Anything above 100ms at p99 means your users are feeling it. Common culprits: synchronous file I/O, JSON serialisation of large objects, DNS resolution without caching, and CPU-bound crypto operations that should be offloaded to worker threads.

Health checks that actually check health

A health endpoint that returns { "status": "ok" } without checking dependencies is a liar. Build health checks that verify what matters:

app.get('/health', async (req, res) => {
  const checks = {};

  try {
    await db.query('SELECT 1');
    checks.database = 'ok';
  } catch {
    checks.database = 'fail';
  }

  try {
    await redis.ping();
    checks.cache = 'ok';
  } catch {
    checks.cache = 'fail';
  }

  checks.uptime = process.uptime();
  checks.memory = process.memoryUsage();
  checks.eventLoopLag = histogram.percentile(99) / 1e6;

  const healthy = Object.values(checks)
    .filter(v => typeof v === 'string')
    .every(v => v === 'ok');

  res.status(healthy ? 200 : 503).json(checks);
});

Your load balancer should hit this endpoint. When it returns 503, traffic should route away from that instance before users notice. Set health check intervals to 10-15 seconds — fast enough to catch failures, slow enough to avoid unnecessary load.

Log aggregation

Structured logging is non-negotiable. console.log with string concatenation is a debugging tool, not a production logging strategy.

Use pino for Node.js — it is the fastest structured logger available and outputs JSON by default. Pipe logs to a transport that ships them to your aggregation stack (ELK, Loki, Datadog, or even CloudWatch):

const pino = require('pino');
const logger = pino({
  level: process.env.LOG_LEVEL || 'info',
  formatters: {
    level: (label) => ({ level: label }),
  },
  redact: ['req.headers.authorization', 'req.headers.cookie'],
});

The redact option is critical — never log auth tokens or session cookies. Correlation IDs should flow through every log line so you can trace a request across services.

How Reflex handles Node.js servers

The reflexd agent monitors Node.js processes the same way it monitors any Linux service: process health via systemd or PM2, memory and CPU trends, disk pressure, and log pattern detection. When a Node.js worker crosses memory thresholds or stops responding to health checks, the Brain can trigger a graceful restart via PM2's API — not a blind kill -9.

For teams running Node.js alongside PHP, Python, or Go on the same infrastructure, Reflex provides a single pane of glass that understands each runtime's failure modes without requiring per-language monitoring tools.

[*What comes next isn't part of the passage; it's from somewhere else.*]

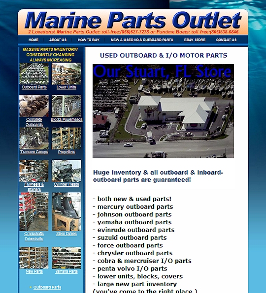 Marine Parts Outlet has a huge inventory of used marine parts, and needed a way to communicate that to customers. We came through with extensive videos and slideshows, as well as forms and prominent display of their toll-free numbers to bring the calls in. And this site brings in a ton of business!

The reflexd agent also watches PM2's process list directly, detecting when workers enter a crash loop (restarting faster than min_uptime allows) and alerting before the exponential backoff delay masks the problem from your uptime checker.

Key takeaways

Node.js monitoring is not one tool — it is a stack of practices: PM2 for process supervision, heap snapshots for leak hunting, event loop delay for CPU pressure, honest health checks for load balancer integration, and structured logging for post-incident diagnosis. Get the fundamentals right and the exotic failure modes become rare. Skip them and you will learn what "event loop starvation" means the hard way.